Hi, I am trying to train an efficientvit model from the github repository at https://github.com/mit-han-lab/efficientvit.git. I cloned the repository and pip installed all the necessary modules and imported them. Then I ran this command to start train the model, as described in the project's TRAINING.md:
After submit this command, I saw "Waiting for the current execution to complete", and not other output, for the next 4 hours. Then I went to bed and next morning the runtime appears to have terminated.
Typically, as training progresses, status info is printed out. But I didn't see anything printed out. I also don't know what is the result of the training run. What can I do to rectify this? Any help is appreciated.
I believe the error only displays during runtime , you can try going to Cloud Logging and query the resource and narrow down the date for the instance happened.
I would suggest though your next attempts is to disable idle shutdown in runtime templates as this option is enabled by default:
All the runtime that will be created from this template will have no idle shutdown upon unticking this option.
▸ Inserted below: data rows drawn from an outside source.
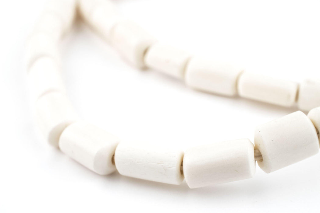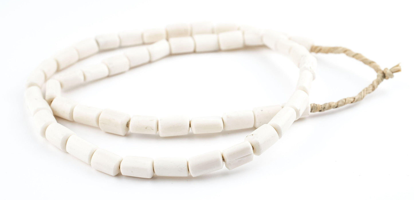 Admire this unusual strand of bone beads from Kenya. East African bone beads are handcrafted by artisans using recycled cow bone. Each bead is individually carved and polished, and is truly one of a kind.
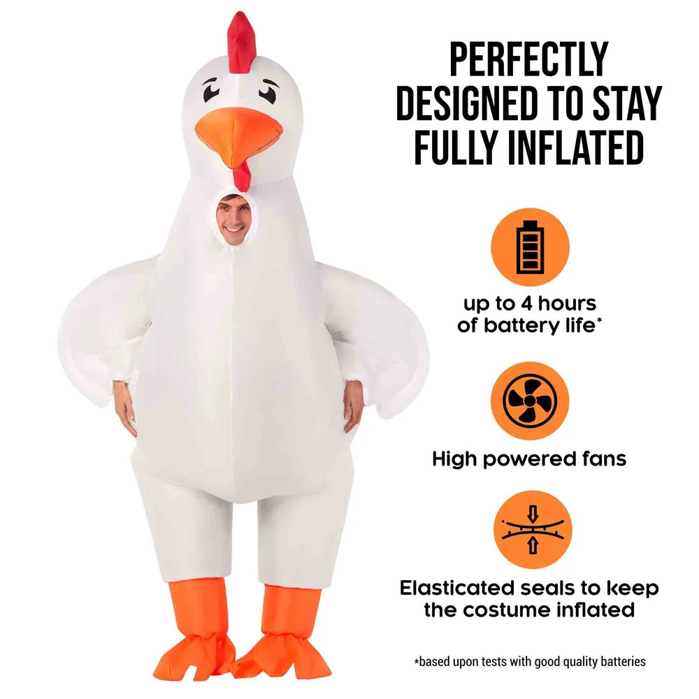 • Includes: Full inflatable chicken suit (one piece)
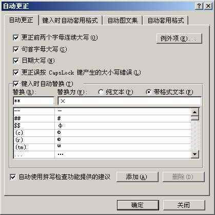 2.选定符号“×”,单击菜单“工具→自动更正”,弹出“自动更正”对话框,选择“带格式文本”,在“替换”文本框中输入“**”,单击“添加”和“确定”。

i am having similar problem
i subscribed to Google Colab Pro+ to train a seq2seq with attention mechanism for the NLP project however after almost an hour the runtime changes to connecting---- and at the bottom the "the Waiting to finish the current execution" appears and I am frustrated as I am worried about losing the variables because almost right now I consumed a lot of my GPU units since the training was going on more than 6 hours.
so is there any problem for retaining the variables specially the training history variable?